§ What to work on
Output only the lines from the line holding "그리고 트리거 박스 구역을 조각상 위치에 잘 맞도록 조정해준다." through the close of the records, exactly as they appear, with all pictures omitted.
──────
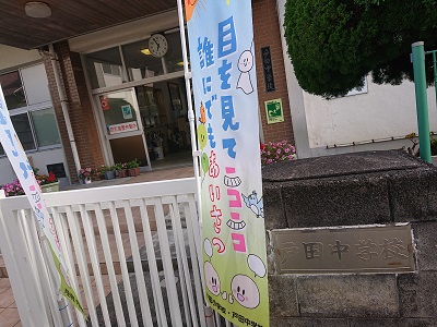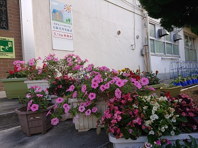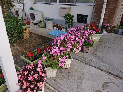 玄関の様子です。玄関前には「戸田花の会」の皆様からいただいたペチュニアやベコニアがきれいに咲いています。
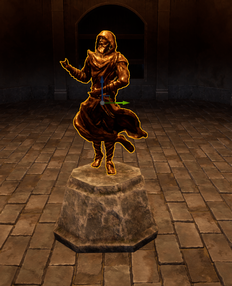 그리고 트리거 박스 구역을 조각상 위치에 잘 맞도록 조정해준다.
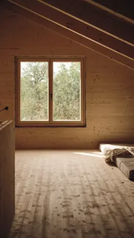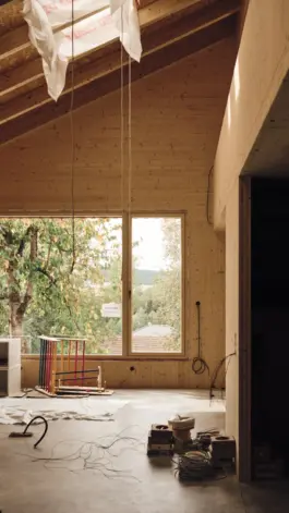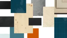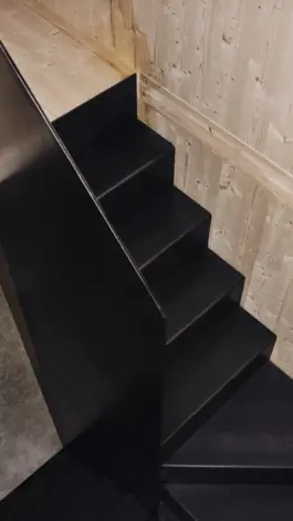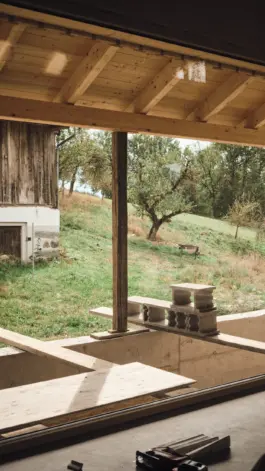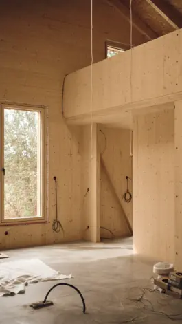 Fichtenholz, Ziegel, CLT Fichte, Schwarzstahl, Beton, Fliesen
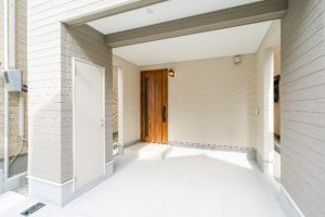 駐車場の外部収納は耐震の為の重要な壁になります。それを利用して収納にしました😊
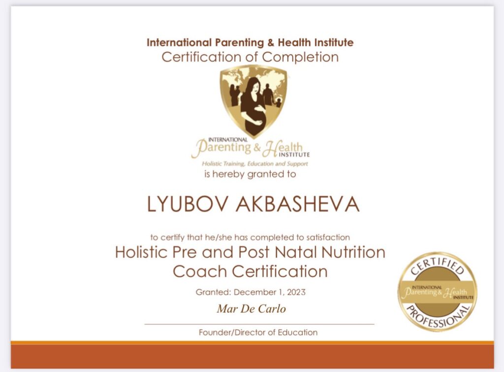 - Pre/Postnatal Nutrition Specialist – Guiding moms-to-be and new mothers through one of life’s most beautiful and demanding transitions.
──────
§ Answer section
 그리고 트리거 박스 구역을 조각상 위치에 잘 맞도록 조정해준다.
 Fichtenholz, Ziegel, CLT Fichte, Schwarzstahl, Beton, Fliesen
 駐車場の外部収納は耐震の為の重要な壁になります。それを利用して収納にしました😊
 - Pre/Postnatal Nutrition Specialist – Guiding moms-to-be and new mothers through one of life’s most beautiful and demanding transitions.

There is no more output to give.